Data records Start Marker
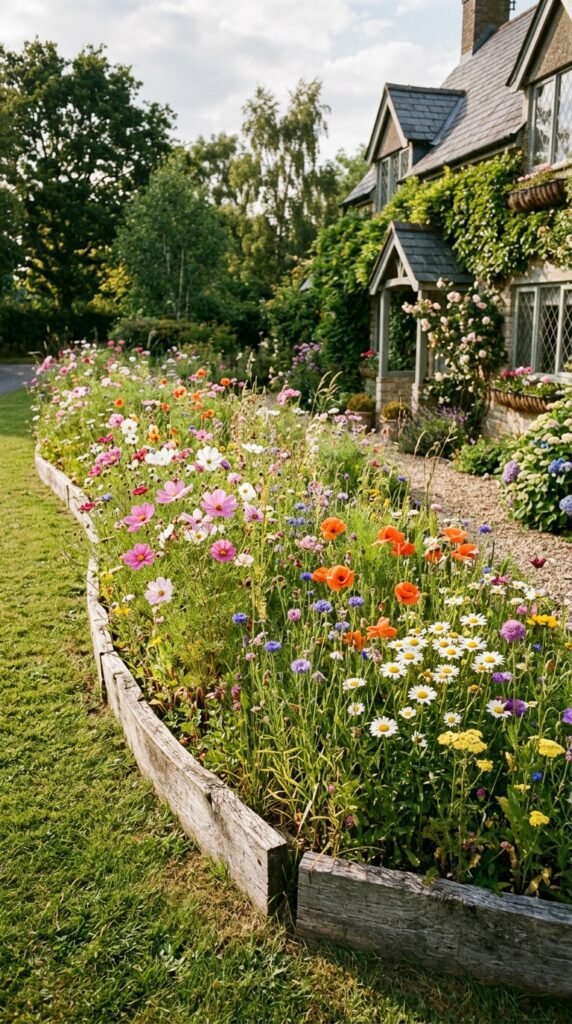 Use cosmos, daisies, poppies, and native wildflowers to create a soft meadow style corner. The look feels colorful, slightly messy, and completely charming.
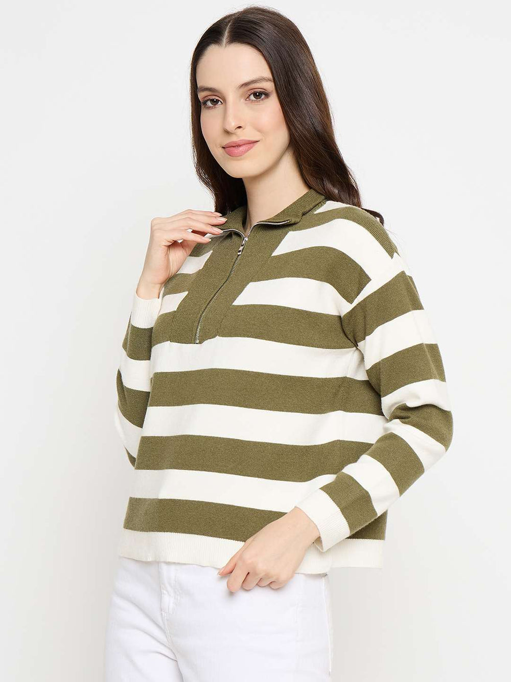 This olive green sweater showcases the soft classic stripes and a handy zip-up front that combines functionality with fashion. Perfect for layering over tees or pairing with casual bottoms, itâs both a polished yet casual touch to any outfit.
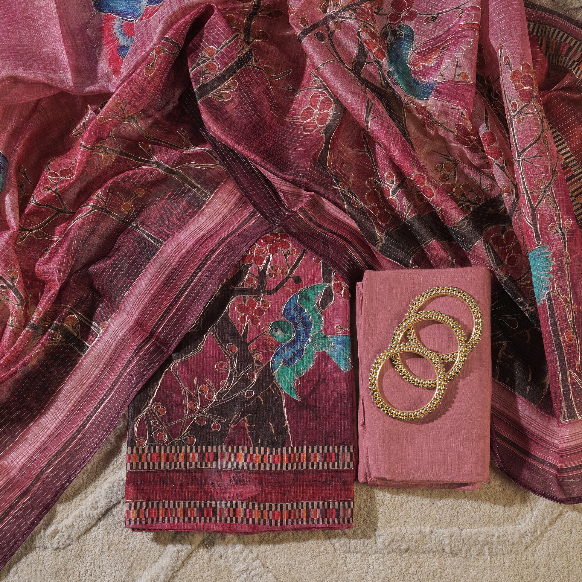 This dress material is perfect for grand occasions. The silk feels rich, and the bird print makes it stand out.
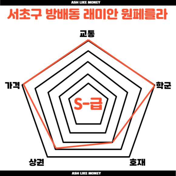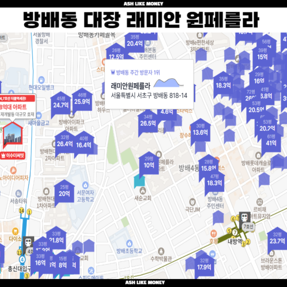 방배동 살쾡이가 살던 서초구는 어느새 대한민국 최고의 아파트들이 모여있는 곳이 되었다. 반포, 한강뷰를 따라 생긴 래미안 트리니원, 래미안 원펜타스, 래미안 원베일리, 래미안 퍼스티지의 "쿼드라 래미안" 아파트들은 평당가가 2억 정도 되는 최고급 아파트이다. 해당 입지에는 반포 최고 아웃풋의 학교들도 즐비한데 서울반포초와 "세화여고", "세화고"가 있다. 세화고와 세화여고는 의대 신입생을 매우 많이 배출한 학교로 전국 TOP 10 안에 드는 고등학교이다. 그 외에도 신반포 아파트들이 재건축을 진행하며 재건축 기대감으로 많이 올랐다.
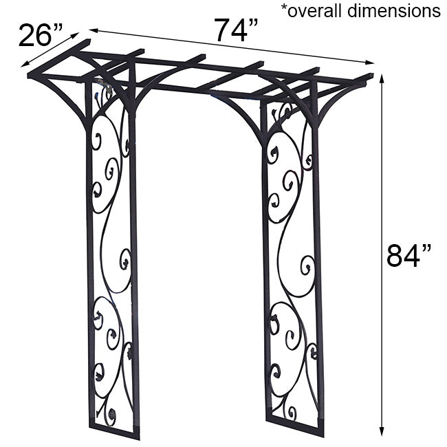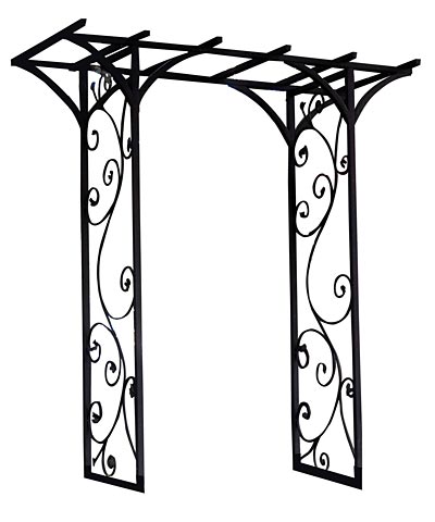Create a beautiful and tranquil sanctuary in your yard with the Panacea Vine Arbor. The refined style of this arbor will surely make a grand statement as your guests pass through it into your yard. Refined scrollwork forms vines and tendrils on each side panel, blending nature with this manmade ornament. Strong angles on the roof of the arbor contrast the curves of the vine pattern for even more visual interest. This arbor is ideal for supporting vines, climbing plants, or for hanging your decorative items. Simply train your plants by weaving them in and out of the arbor to create your own unique, dynamic design. The steel construction will withstand even the harshest climates, and its black, powder coated finish will enhance any décor. Bring elegance into your secret garden with the Vine Arbor. Assembly required.
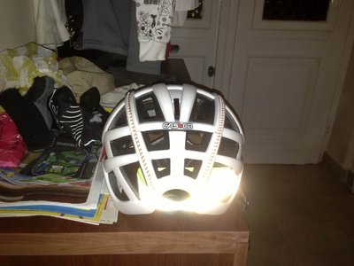 A Casco sisak, friss beszerzés, rajta a fényvisszaverő szalag
Data records End Marker
### Task description
Write out exactly the lines that run from the one containing "Create a beautiful" to the last line of the entries above, both ends kept, pictures left out.

### Expected output
Create a beautiful and tranquil sanctuary in your yard with the Panacea Vine Arbor. The refined style of this arbor will surely make a grand statement as your guests pass through it into your yard. Refined scrollwork forms vines and tendrils on each side panel, blending nature with this manmade ornament. Strong angles on the roof of the arbor contrast the curves of the vine pattern for even more visual interest. This arbor is ideal for supporting vines, climbing plants, or for hanging your decorative items. Simply train your plants by weaving them in and out of the arbor to create your own unique, dynamic design. The steel construction will withstand even the harshest climates, and its black, powder coated finish will enhance any décor. Bring elegance into your secret garden with the Vine Arbor. Assembly required.
 A Casco sisak, friss beszerzés, rajta a fényvisszaverő szalag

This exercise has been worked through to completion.